0August 30, 2019 at 8:58 am #241697
Robert ButlerParticipant@rbutler Include @rbutler in your post and this person will
be notified via email.There are two schools of thought concerning main effects and interactions – one school says if the interaction is significant you need to keep the main effects and the other one says you don’t.
As for the curvature:
a) I don’t see that term in your model
b) Assuming the equation is a typo – the curvature is generic which means all you know is that it exists therefore you will need to augment your design with one or perhaps two more experimental runs to identify the variable associated with the curvilinear behavior.
Something worth considering:
Take your two variables and scale them from 1 to 1 and rerun the analysis.

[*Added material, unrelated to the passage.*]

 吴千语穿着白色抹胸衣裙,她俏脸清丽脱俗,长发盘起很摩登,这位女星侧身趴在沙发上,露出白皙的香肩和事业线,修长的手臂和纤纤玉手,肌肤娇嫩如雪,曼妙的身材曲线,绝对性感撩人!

In order to do this you will need to find the actual minimum and maximum settings for each of the two variables and then do the following for each of the two variables.
A = (maximum + minimum)/2
B = (maximum – minimum)/2
Scaled X1 = (X1 – A1)/B1
Scaled X2 = (X2 – A2)/B2
If you rerun the analysis using the scaled terms you will get an equation that will allow you to directly compare the effects of a unit change in X1, X2, the generic squared term, and X1*X2 interaction. What this buys you is the ability to choose between the two methods of final terms in the model.
For example, if the coefficients of the scaled X1 and X2 are small relative to the coefficient of X1*X2 then, since X1 and X2 alone are not significant nothing much will be lost in the way of model use. On the other hand if they are equivalent then you might want to consider keeping them in the model. Of course, all of this assumes you are also doing the usual things one should be doing with respect to assessing the differences in the two models – residual analysis, prediction accuracy, etc.

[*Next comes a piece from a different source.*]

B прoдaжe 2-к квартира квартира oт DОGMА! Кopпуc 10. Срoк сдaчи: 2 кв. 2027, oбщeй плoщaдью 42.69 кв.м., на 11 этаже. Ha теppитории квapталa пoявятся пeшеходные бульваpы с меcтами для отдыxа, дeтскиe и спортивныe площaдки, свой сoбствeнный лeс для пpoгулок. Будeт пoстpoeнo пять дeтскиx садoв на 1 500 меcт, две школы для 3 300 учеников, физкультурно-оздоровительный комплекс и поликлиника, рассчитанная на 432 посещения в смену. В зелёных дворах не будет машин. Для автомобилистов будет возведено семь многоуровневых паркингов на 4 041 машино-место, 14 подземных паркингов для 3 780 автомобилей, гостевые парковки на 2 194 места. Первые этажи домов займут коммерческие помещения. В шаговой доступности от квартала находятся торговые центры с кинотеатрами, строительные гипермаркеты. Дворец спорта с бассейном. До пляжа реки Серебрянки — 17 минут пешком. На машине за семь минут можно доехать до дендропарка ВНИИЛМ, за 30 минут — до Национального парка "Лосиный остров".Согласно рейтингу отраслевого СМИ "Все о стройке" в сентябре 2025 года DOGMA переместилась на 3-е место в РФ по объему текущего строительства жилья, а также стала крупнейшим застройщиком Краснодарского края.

0September 1, 2019 at 10:31 pm #241827
ce_seekParticipant@ce_seek Include @ce_seek in your post and this person will
be notified via email.Hi Robert,
I was actually waiting for your response. Thank you very much! Yes, I actually removed the ctr point term in my equation. This is the resulting regression equation. However, I am not sure how the term for the ct. point would be of use.
Y= 0.144 + 0.3177 A + 0.1662 B – 0.04065 AB + 0.560 Ct Pt
I have also read in other post that when there is a curvature, you just remove the term for curvature in the equation. It just indicates that there is a curvilinear behavior.
Thank you.
0September 2, 2019 at 9:47 am #241834
Robert ButlerParticipant@rbutler Include @rbutler in your post and this person will
be notified via email.Well, there’s more to it than that. It is correct that you cannot use the generic curvilinear expression for purposes of prediction because there isn’t any way to assign that response to either of the two variables you have. This means, for purposes of prediction, the best you can do is an equation with mains and interaction. However, you don’t just remove the term and forget about what it is telling you.
If you are planning on using the equation you can construct for prediction purposes then there are several things you need to do in order to give yourself some understanding of the risks you are taking by using a predictive equation that has not accounted for all of the special cause variability in your data.
1. Residual plots – look at the residuals against the predicted – how far away from the zero line are the data points associated with the center points? If the distance is “large” (yes, this is a judgement call) then you could go wrong with great assurance. On the other hand if the points associated with the center points are “close to” but still on one side or the other then you are still not accounting for all of the special cause but, if you can’t do any more with respect to a few augmentation runs, it would be worth testing the equation to see how well it performs.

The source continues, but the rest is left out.